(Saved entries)
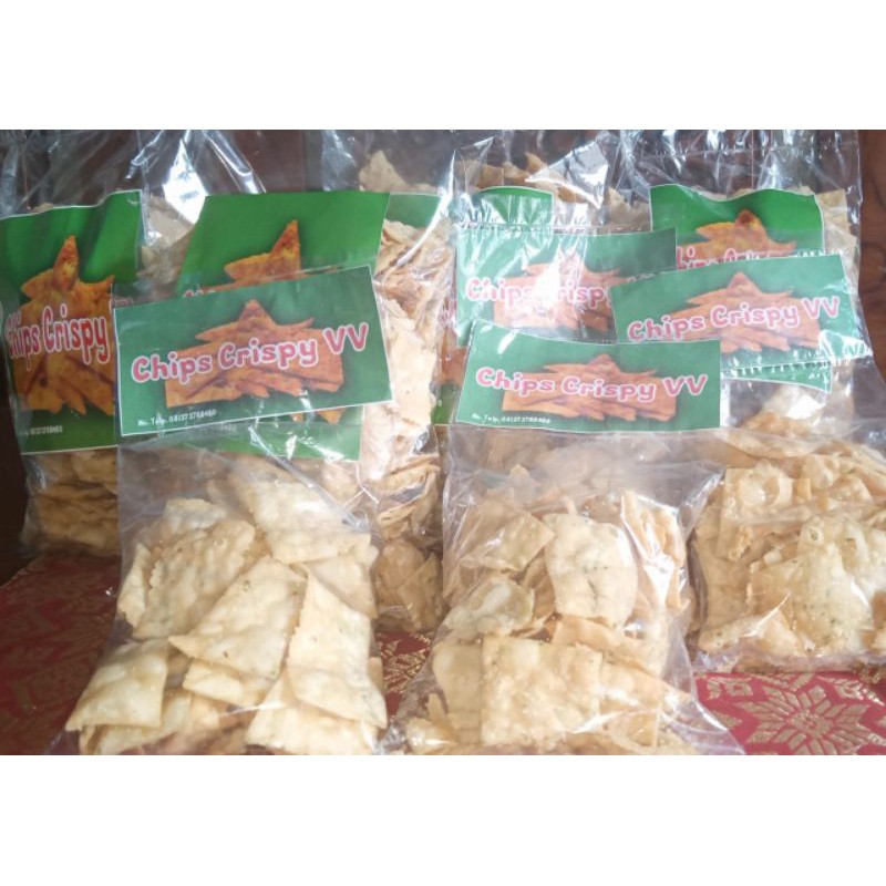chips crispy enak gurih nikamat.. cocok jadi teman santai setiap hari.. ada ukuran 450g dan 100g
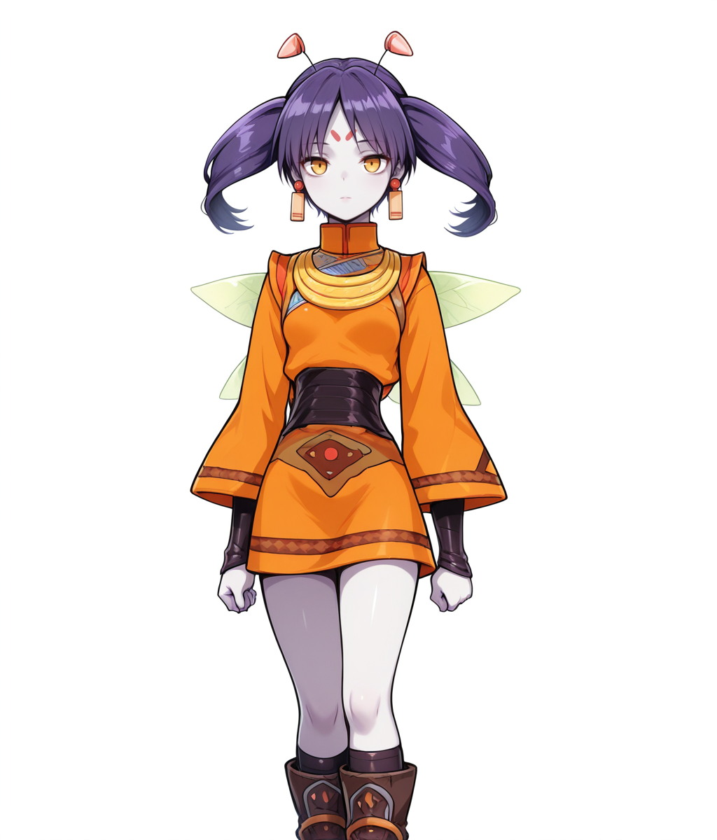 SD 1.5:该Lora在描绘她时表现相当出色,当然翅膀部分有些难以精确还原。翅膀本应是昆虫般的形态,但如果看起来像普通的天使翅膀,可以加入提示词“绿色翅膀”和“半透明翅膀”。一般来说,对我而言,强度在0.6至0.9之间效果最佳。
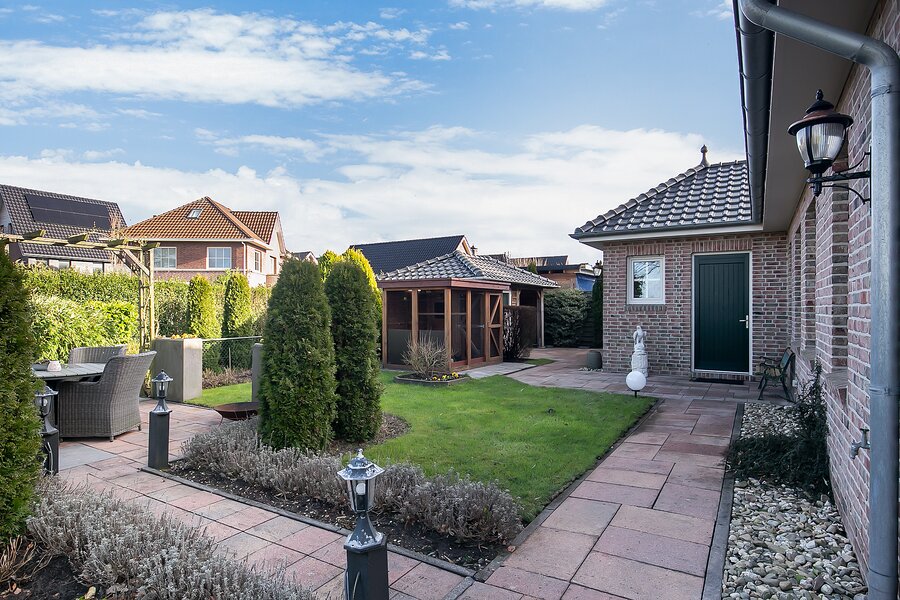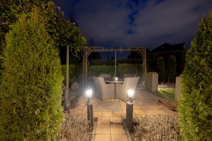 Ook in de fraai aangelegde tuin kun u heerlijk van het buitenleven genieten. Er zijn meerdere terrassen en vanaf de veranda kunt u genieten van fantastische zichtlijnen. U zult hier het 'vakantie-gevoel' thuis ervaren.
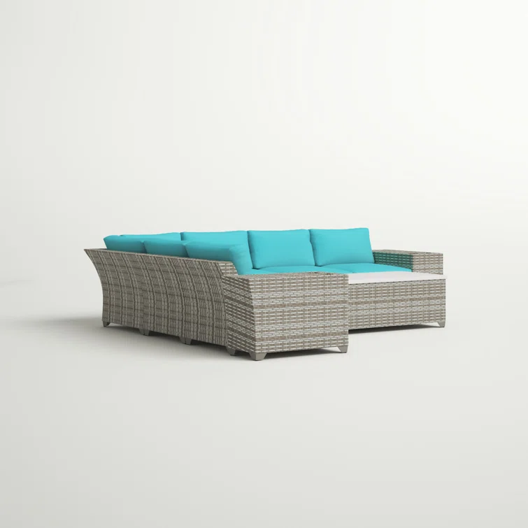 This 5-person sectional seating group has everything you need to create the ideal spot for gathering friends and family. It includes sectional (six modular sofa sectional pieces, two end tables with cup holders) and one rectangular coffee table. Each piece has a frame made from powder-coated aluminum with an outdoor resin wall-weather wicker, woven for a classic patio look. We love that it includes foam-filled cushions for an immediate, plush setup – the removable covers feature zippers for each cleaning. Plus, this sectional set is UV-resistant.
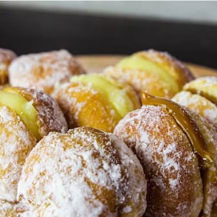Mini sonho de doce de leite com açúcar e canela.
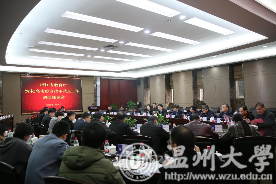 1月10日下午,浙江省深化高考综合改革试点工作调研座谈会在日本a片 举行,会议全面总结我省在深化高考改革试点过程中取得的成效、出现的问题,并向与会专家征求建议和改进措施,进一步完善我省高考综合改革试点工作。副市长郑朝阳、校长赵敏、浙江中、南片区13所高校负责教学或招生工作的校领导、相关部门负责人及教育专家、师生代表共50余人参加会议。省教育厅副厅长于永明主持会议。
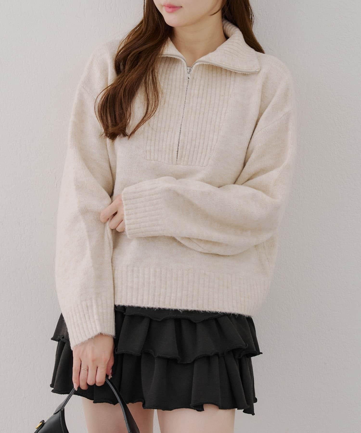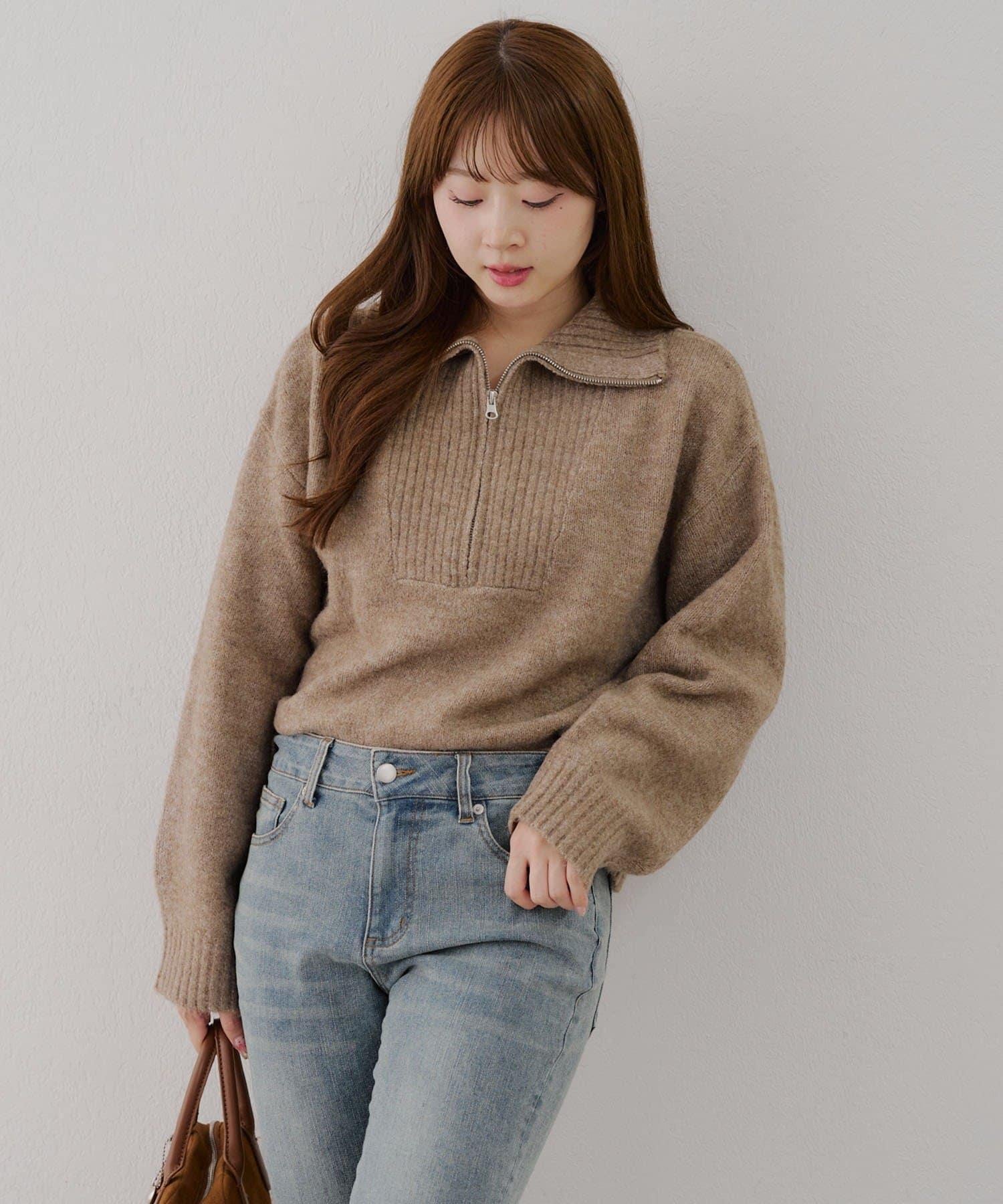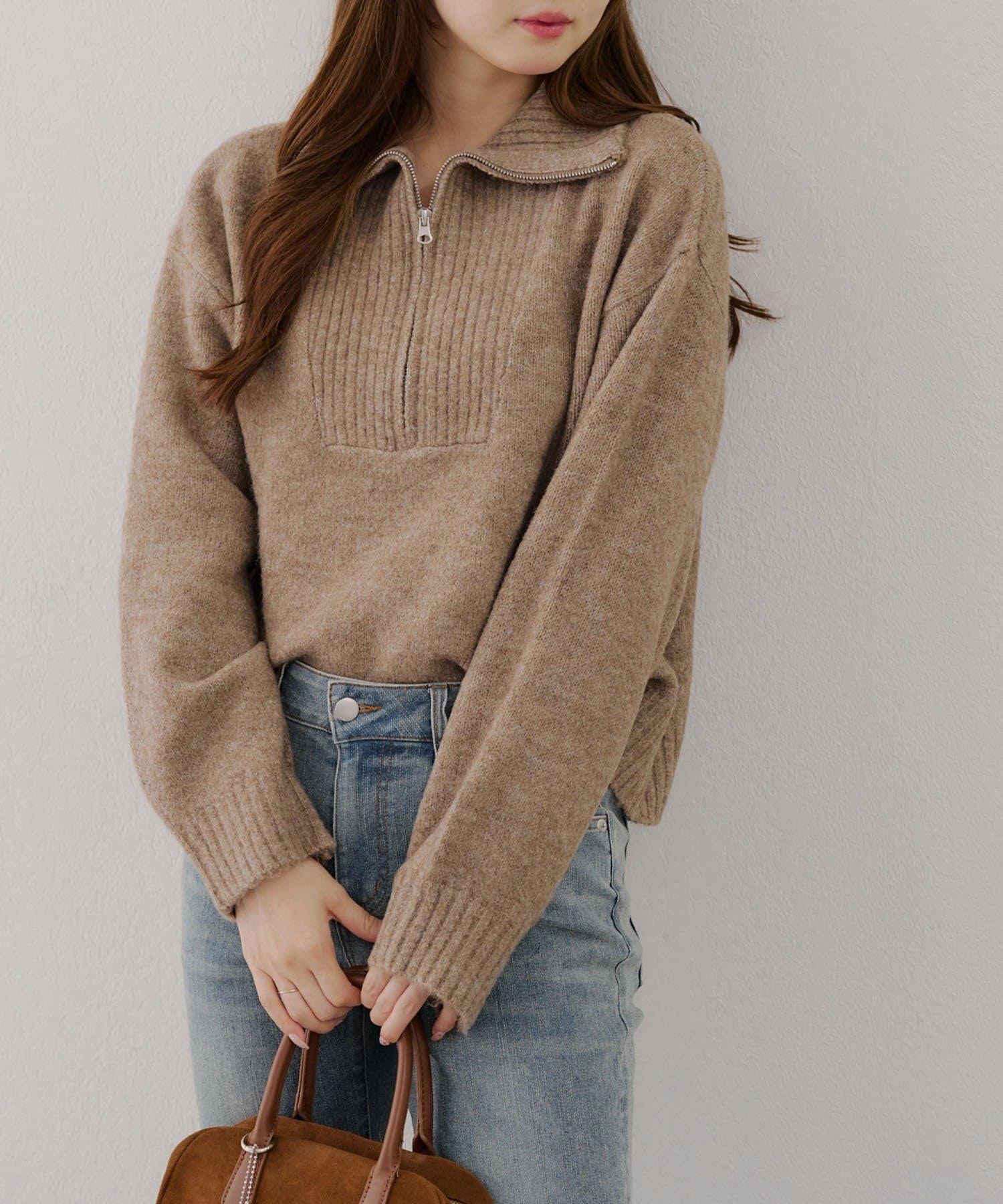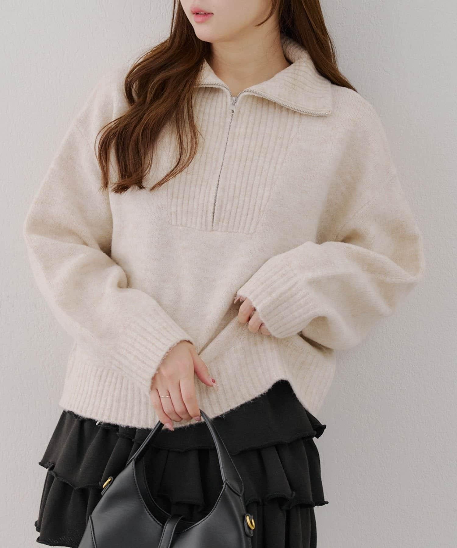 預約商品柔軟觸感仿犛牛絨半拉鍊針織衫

[ACTIVITY]: Word for word, restate the lines from the line containing "1月10日下午,浙江省深化高" through the end of the data, including the first and last of them. Pictures stay out.

[RESPONSE FOR THIS EXERCISE]:
 1月10日下午,浙江省深化高考综合改革试点工作调研座谈会在日本a片 举行,会议全面总结我省在深化高考改革试点过程中取得的成效、出现的问题,并向与会专家征求建议和改进措施,进一步完善我省高考综合改革试点工作。副市长郑朝阳、校长赵敏、浙江中、南片区13所高校负责教学或招生工作的校领导、相关部门负责人及教育专家、师生代表共50余人参加会议。省教育厅副厅长于永明主持会议。
 預約商品柔軟觸感仿犛牛絨半拉鍊針織衫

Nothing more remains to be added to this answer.